I repeat, every iPhone can be jailbroken. Your jailbreak will probably be a "tethered" jailbreak, which brings with it some inconvenience. Only you can decide whether the advantages of a jailbreak outweigh the inconvenience of being tethered.
Let me try to explain. Every iPhone has a chip in it which contains a tiny program called iBoot. iBoot is the phone's bootloader, the program that tells the phone how to load the operating system. During this process, the OS checks the OS to make sure that it is the official version provided by Apple. If it is not the correct version, it will normally refuse to boot your phone.

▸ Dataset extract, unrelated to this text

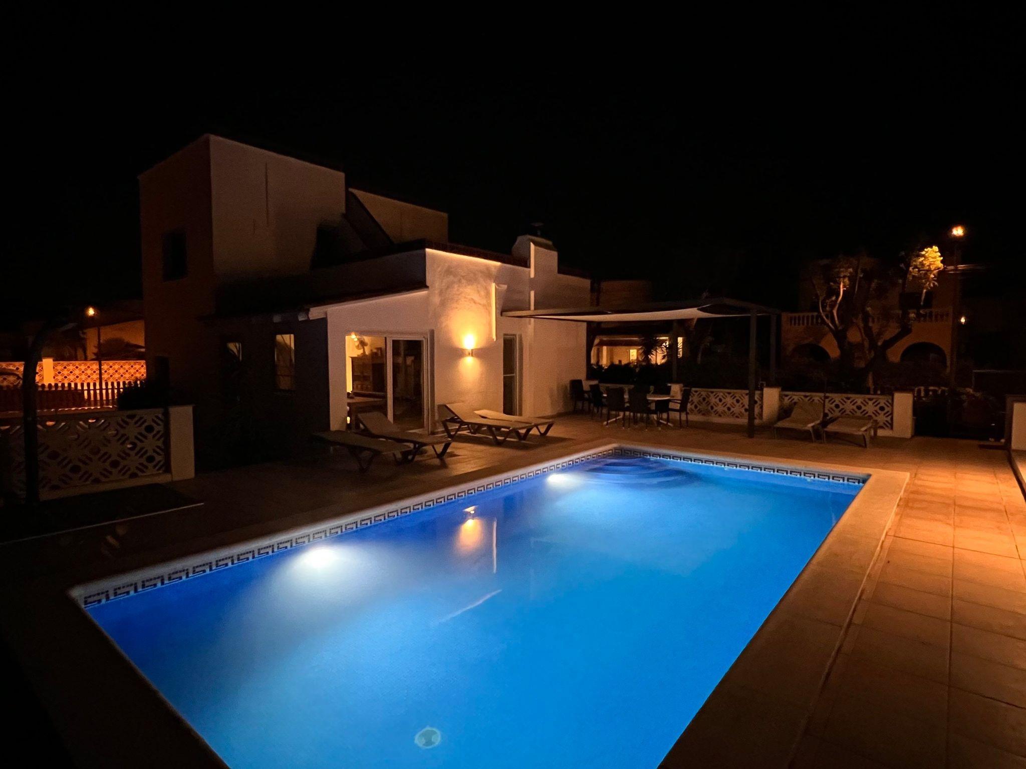 Our house got a new dress in 2023 and now shines again in new splendour. It has 3 bedrooms, a large open kitchen, living room, dining room, 2 bathrooms with shower and toilet, a large pool (8×4m 110-170cm deep), several large terraces, WLAN, LED smart TV, music system with Bluetooth and a Samsung tablet and is located in a quiet, central location, only a few minutes walk from the beach or boulevard. The kitchen leaves nothing to be desired (2 refrigerators with freezer compartment, coffee machine (filter coffee), Nespresso machine, dishwasher, toaster, kettle, oven, ceramic hob and microwave), in the bathroom there is also a tumble dryer and a washing machine. All bedrooms, the living room and dining room are equipped with air conditioning and mosquito screens, and all rooms can be darkened with roller blinds.

Clever hackers discovered a weakness in iBoot (which they called the 24kpwn hack) that allowed them to inject their own code into iBoot to bypass this security check and boot a jailbroken version of the OS that iBoot normally would not boot. Basically, by crashing iBoot at a certain point in the boot process, they could inject 24kb of their own code and iBoot would think it was perfectly normal. This code disabled the security check, and it was the only known way of getting a jailbroken iPhone to boot itself.
As of sometime in October, Apple started shipping iPhones with a new version of iBoot. This new version patched the 24kpwn hack, meaning we lost our only known way of modifying iBoot so that it can boot a modified version of the OS. It is still possible to use a computer to bypass iBoot, but one can't convince iBoot to bypass itself. This is why the new iPhones can have only a tethered jailbreak.
Does your phone have the new iBoot? There are
ways to check. If your iBoot version is 359.3, then you can have an untethered jailbreak (whether on 3.1.2 or any other version of the OS); if it is 359.3.2 or 359.3-2 you cannot, at least not now. It has nothing to do with the version of your OS, only the version of iBoot.
Right now there is no prospect for a new iBoot hack, and it is therefore impossible to predict when or even if one will be found. For now you should assume that any phone with the new iBoot is not untetherable.